• **What is required**
Omit any picture, and return the remaining data exactly as written.

[[ Recorded data, beginning ]]

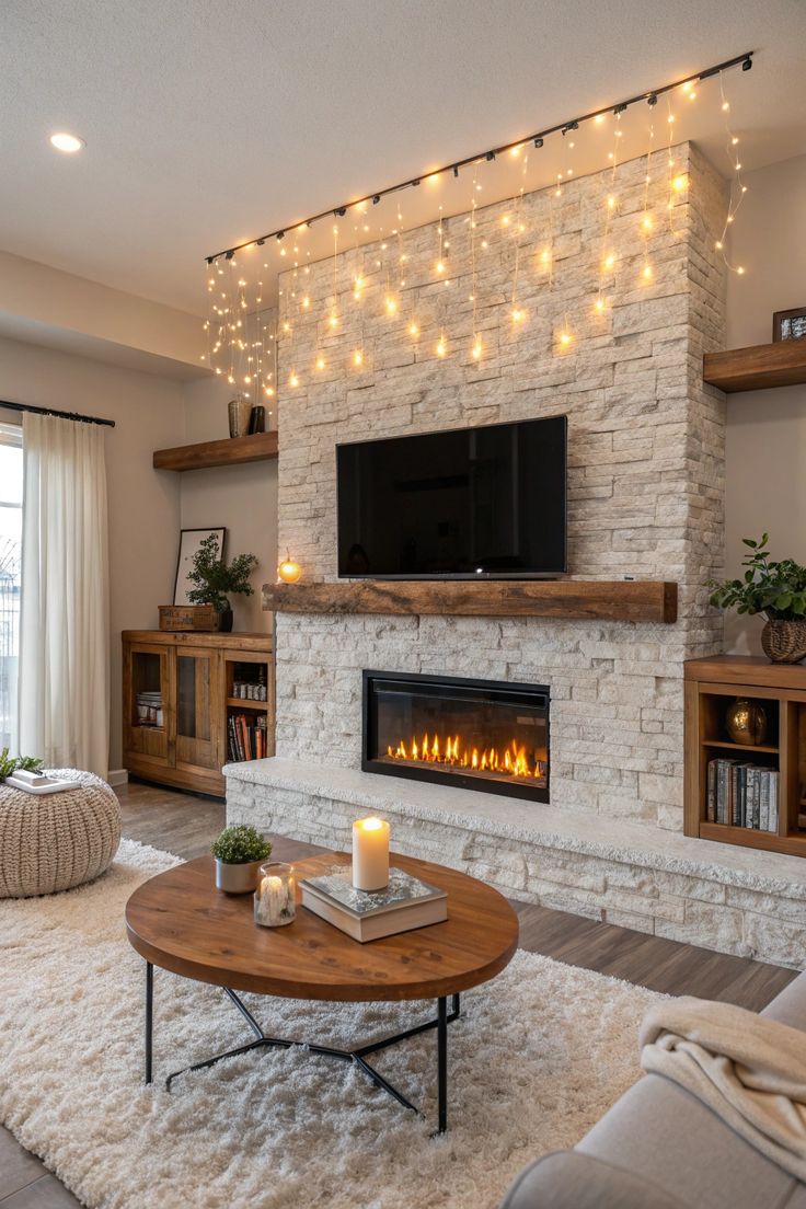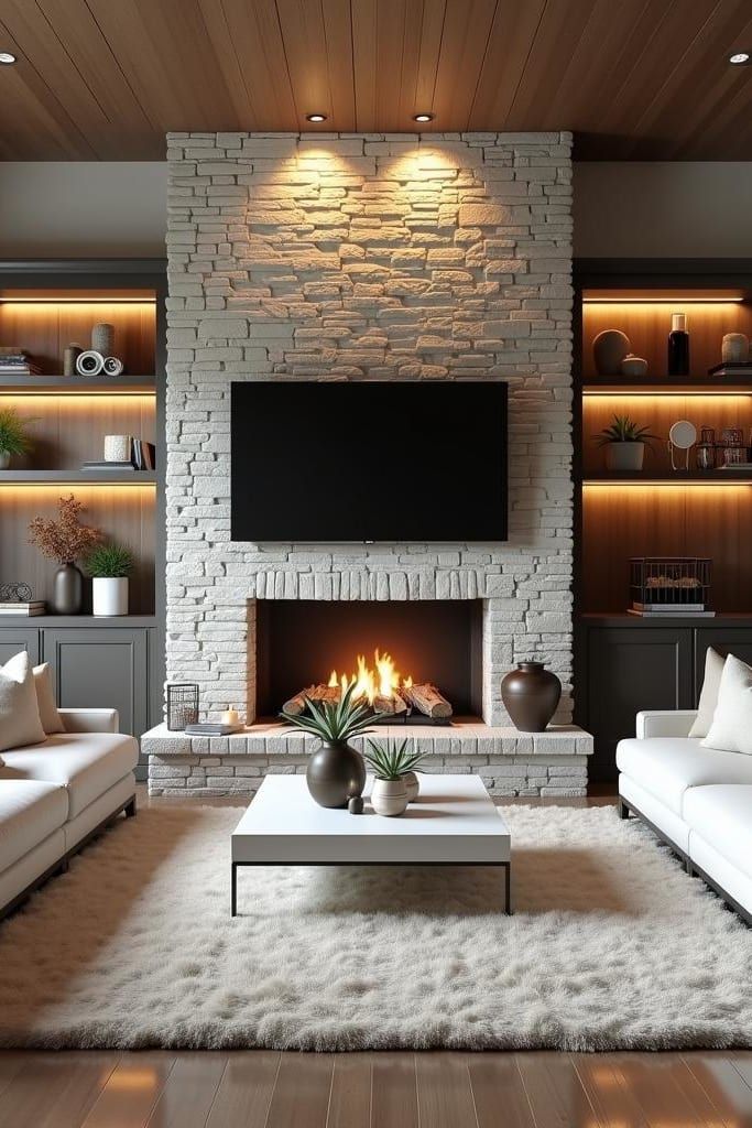 High-quality white stone veneers offer the natural beauty of stone without the cost or installation challenges of full stone. Veneers install directly over existing fireplaces, providing texture, dimension, and brightness instantly. Extend veneer to adjacent walls or accent areas for cohesive design flow. This approach brings the warmth, sophistication, and charm of natural materials while remaining practical, lightweight, and modern, making it a smart choice for both budget-conscious and style-savvy homeowners.
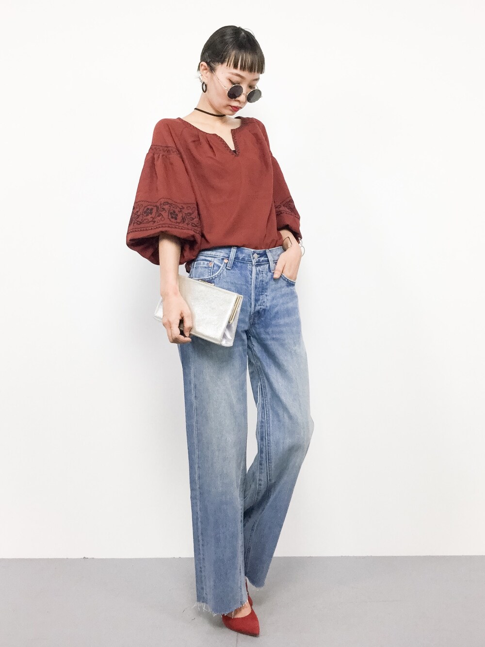 COLLENTE(yuco)のシャツ/ブラウス「刺繍袖バルーンブラウス」を使ったコーディネート
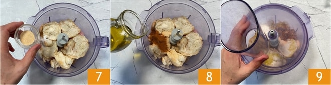 Geben Sie auch das Zwiebelpulver 7 und den Knoblauch dazu. Gießen Sie das Extra-Native-Olivenöl 8 hinzu und schließen Sie den Mixer mit seinem Deckel 9.

[[ Recorded data, end ]]

• **Result**
 High-quality white stone veneers offer the natural beauty of stone without the cost or installation challenges of full stone. Veneers install directly over existing fireplaces, providing texture, dimension, and brightness instantly. Extend veneer to adjacent walls or accent areas for cohesive design flow. This approach brings the warmth, sophistication, and charm of natural materials while remaining practical, lightweight, and modern, making it a smart choice for both budget-conscious and style-savvy homeowners.
 COLLENTE(yuco)のシャツ/ブラウス「刺繍袖バルーンブラウス」を使ったコーディネート
 Geben Sie auch das Zwiebelpulver 7 und den Knoblauch dazu. Gießen Sie das Extra-Native-Olivenöl 8 hinzu und schließen Sie den Mixer mit seinem Deckel 9.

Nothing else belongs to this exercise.